**Your assignment**
Repeat only the lines below from the one that contains "河北省發(fā)改委27日發" through the final line, exactly. Omit pictures.

**Given information**
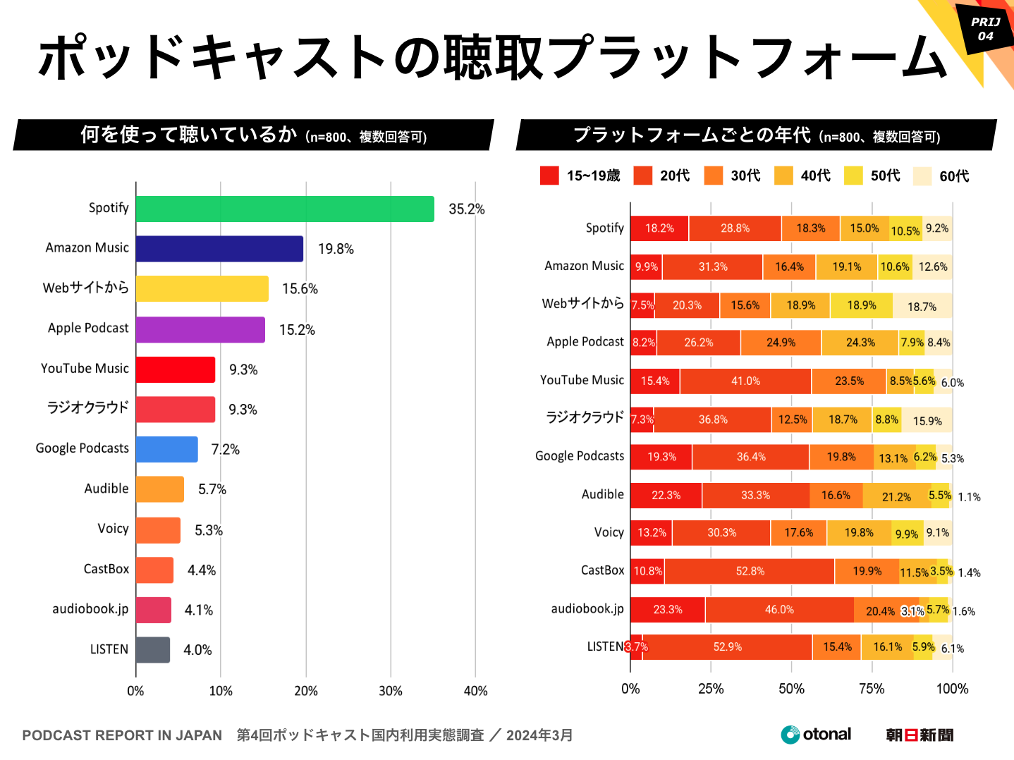 ■ポッドキャストを聴く方法はSpotifyが1位。Amazon Musicが2位に。サービスごとの年代傾向も明らかに
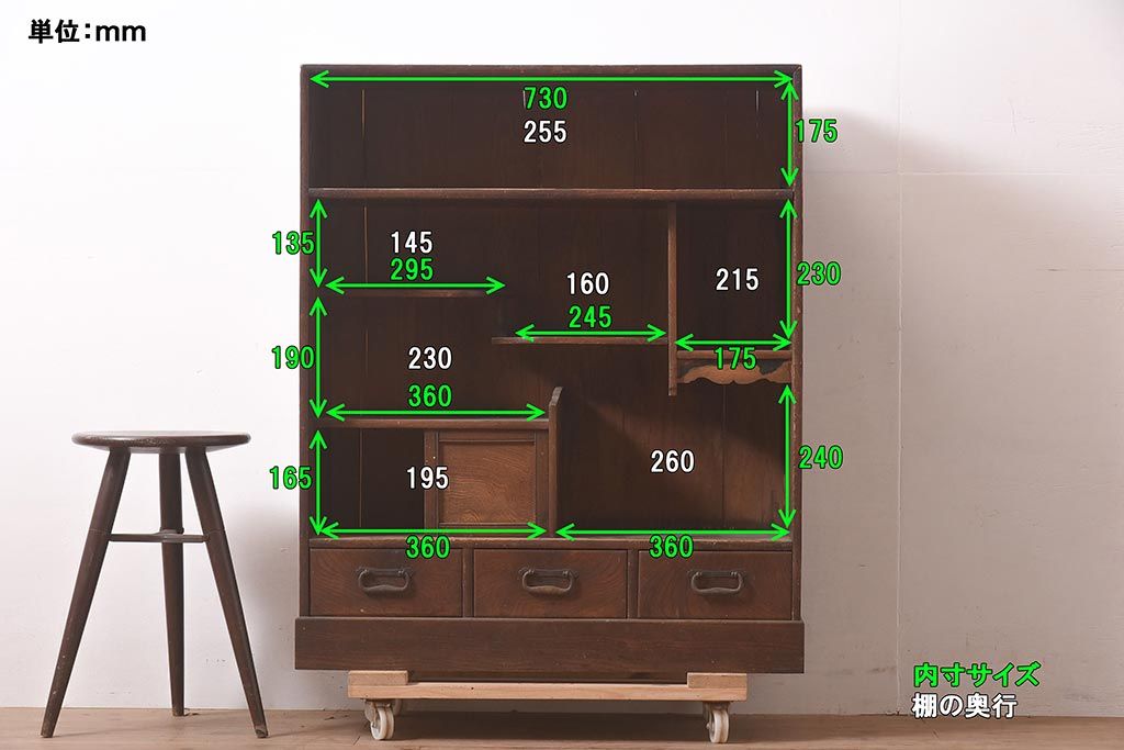 アンティーク家具 大正期 懐かしい雰囲気漂う茶箪笥(茶棚、収納棚、飾り棚)(R-044291)
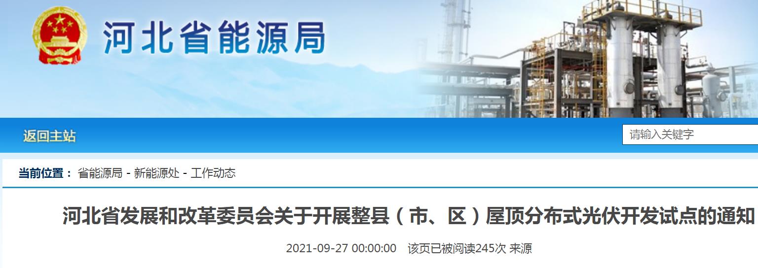 河北省發(fā)改委27日發(fā)布開展整縣(市、區(qū))屋頂分布式光伏開發(fā)試點的通知,明確了完成編制試點建設方案、光伏發(fā)電項目備案、光伏發(fā)電項目建設和試點評估驗收的時間和要求。
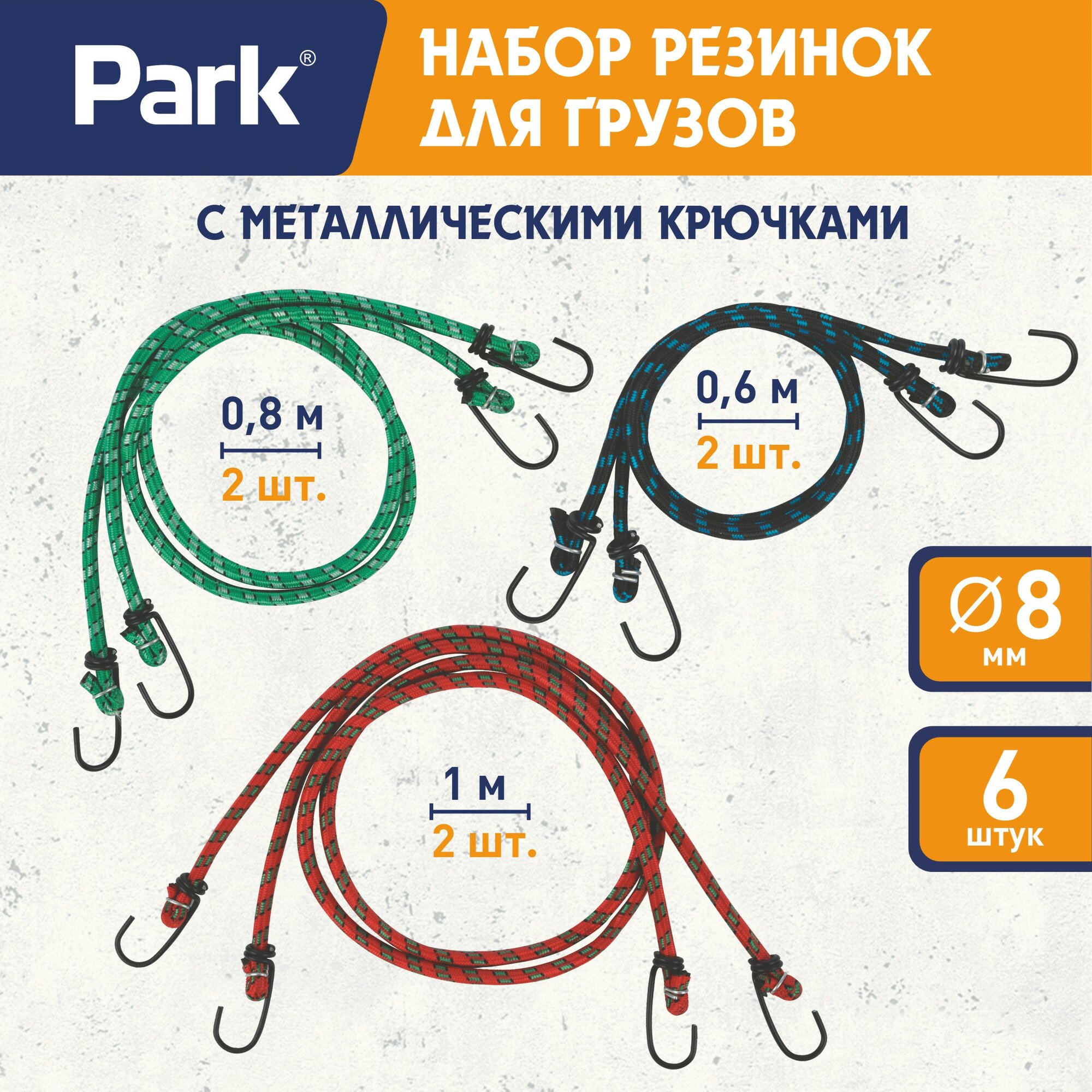 Набор стяжек (резинок) для грузов с металлическими крючками, 6 шт 105112 Park (арт. 850282)

**Your response**
 河北省發(fā)改委27日發(fā)布開展整縣(市、區(qū))屋頂分布式光伏開發(fā)試點的通知,明確了完成編制試點建設方案、光伏發(fā)電項目備案、光伏發(fā)電項目建設和試點評估驗收的時間和要求。
 Набор стяжек (резинок) для грузов с металлическими крючками, 6 шт 105112 Park (арт. 850282)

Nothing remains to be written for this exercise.